Introduction

What is The New Yorker? I know it’s a great magazine and that it’s a tremendous source of pleasure in my life. But what exactly is it? This blog’s premise is that The New Yorker is a work of art, as worthy of comment and analysis as, say, Keats’s “Ode on a Grecian Urn.” Each week I review one or more aspects of the magazine’s latest issue. I suppose it’s possible to describe and analyze an entire issue, but I prefer to keep my reviews brief, and so I usually focus on just one or two pieces, to explore in each the signature style of its author. A piece by Nick Paumgarten is not like a piece by Jill Lepore, and neither is like a piece by Ian Frazier. One could not mistake Collins for Seabrook, or Bilger for Goldfield, or Mogelson for Kolbert. Each has found a style, and it is that style that I respond to as I read, and want to understand and describe.

Wednesday, February 2, 2011

January 31, 2011 Issue


It’s been three days since I first read Alice Munro’s short story “Axis” in this week’s issue of the magazine, and I find myself still pondering its meaning. The story is not straightforward. There are shifting time-frames and points-of-view. I think I understand everything up to the second last section, which is about the Frontenac Axis. Munro writes:

When the train starts up again, he explains that all around them are great slabs of limestone packed in order, one on top of the other, like a grand construction. But in one spot this gives way, he says, and you can see something else. It’s what is known as the Frontenac Axis. It is nothing less than an eruption of the vast and crazy old Canadian Shield, all the ancient combustion cutting through the limestone, pouring over, messing up those giant steps.

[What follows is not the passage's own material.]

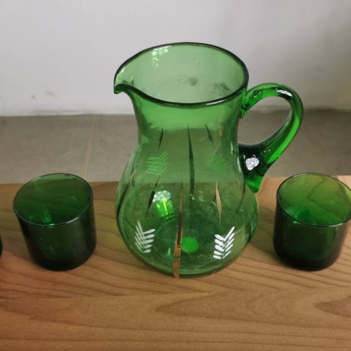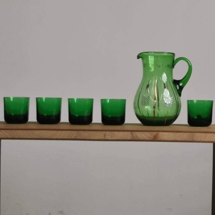 Lepo ohranjen set 5-ih zelenih kozarcev z vrčem.

The story takes its name from this geological formation. I assume, therefore, that Munro intends the Frontenac Axis to symbolize something. That “something” is, I think, the unconscious. The “great slabs of limestone packed in order” are the repressive, rigid layers of the conscious mind. The “eruption of the vast and crazy old Canadian Shield” is the welling up of wild, messy, not-to-be denied passion from the unconscious. Munro has expressed this geological concept of the unconscious before. For example, in her story "Fits" (included in her 1986 collection The Progress of Love), a character says, "People can take a fit like the earth takes a fit." Normally, I resist reading stories as allegories. I prefer to analyze the form and leave the “meaning” alone. But in the case of “Axis,” I don’t think we are reading too much between the lines if we interpret the Frontenac Axis symbolically. In fact, I think the meaning of “Axis” depends on it.